CS6200/IS4200: Information Retrieval

Course Project

Due: Tuesday, 10 December 2019, 11:59 p.m.

For the course project in CS6200, you will form teams of two to four people. The division of labor in the group will be described below.

If you are in IS4200, please contact me as soon as possible to discuss a project.

Although information retrieval systems perform well on many tasks, there is still plenty of room for new systems and applications. Your job will be to take the first steps in defining and evaluating a new task. The purpose of this project is thus to emphasize the centrality of problem definition and evaluation to information retrieval.

What kinds of tasks might you consider? In class, we have mostly discussed ad-hoc retrieval: the ranking of documents in response to user queries previously unseen by the search engine. For this project, you may consider either ad-hoc retrieval with paticular types of queries that current search engines do not seem to handle well, or other search tasks that involve other output modalities. These outputs might include document summaries, structured data, or clusters. It would be preferable if there were to be more than one correct answer for a given query. In other words, put more of your emphasis on information retrieval than on, e.g., question answering or summarization.

Here are some examples of tasks you might investigate:

Retrieving results for controversial topics, where result documents disagree with each other: You could organize documents by sentiment/polarity, or by clustering different opinions. Evaluation would be by both relevance are consistency within clusters.
Retrieving multiple aspects of a complex topic: Organize results by the subtopic they address. The TReC Complex Answer Retrieval track simulates this by using the section heading in Wikipedia articles. You could start with similar structured documents, or formulate different criteria for subtopics.
Retrieving evidence for statements in other documents, e.g, the recent Wikipedia-Internet Archive announcement
Retrieving quotes and opinions of a particular person, as attributed to them in news articles, social media, books, etc.
Mixed-language retrieval, where documents in multiple languages are ranked in a single list
Video scene or gif clip retrieval, with queries on character names, actor names, action descriptions, dialogue, captions, etc.

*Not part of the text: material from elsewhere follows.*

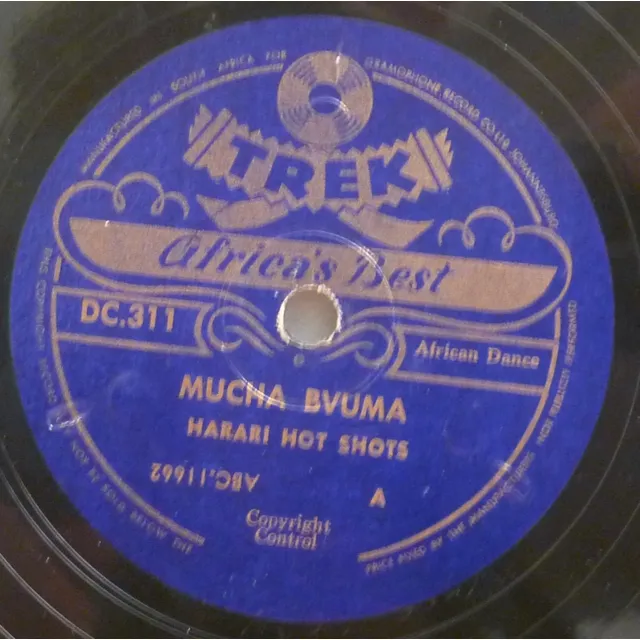 Instrumental sax jive double sider out of Zimbabwe. Record has greyish pressing stains & some storage marks, light noise from both marks & pressing, V- to V.

The core of this project will be creating an evaluation set for the proposed task. Procedurally, creating the evaluation corpus will proceed as follows:

Each team member in turn creates 10 queries
The other team members use existing search engines, manual browsing, and other knowledge sources to construct a set of results for each query that they, themselves, did not pose.
Each team member evaluates the results for their own queries. The evaluation metrics used will depend on the task. For document retrieval, binary relevance judgments or relevance judgements on a scale of 0 to 4 are fine. For structured output, one might use accuracy; for summarization, one might use 10-point scales.
For each query, the person who created it should also write a description of three or four sentences that discusses what factors were used to judge relevance.

The evaluation set will therefore consist of a number of records, one for each query. These records are conventionally called topics in IR evaluation. Each topic contains:

a short query (“title”) that a user would formulate to request information on the topic;
a longer text (“description”) that describes the annotator's criteria when judging relevance; and
a set of results with a relevance score for each one.

On the basis of these relevance judgments, you should be able to estimate human performance on your chosen task. You should also evaluate a baseline model, which will give you an idea of how much progress still needs to be made on the task. These baseline models do not need to be complex. You should evaluate baseline models from the evaluation set alone, without indexing and searching an entire collection. Instead, you should evaluate the baseline model on a reranking task: apply the model to the query and each candidate result in the evaluation set in turn. Then rank the candidate results by the model's score and evaluate this ranking by comparison to human judgements.

In your final submission, please include:

the evaluation set as described above; and
a short report describing your motivation for choosing your task, your estimate of human performance, and baseline performance.

Extra Credit

Implement a more specialized model to solve your task. Evaluate its performance compared to the baseline and to human performance.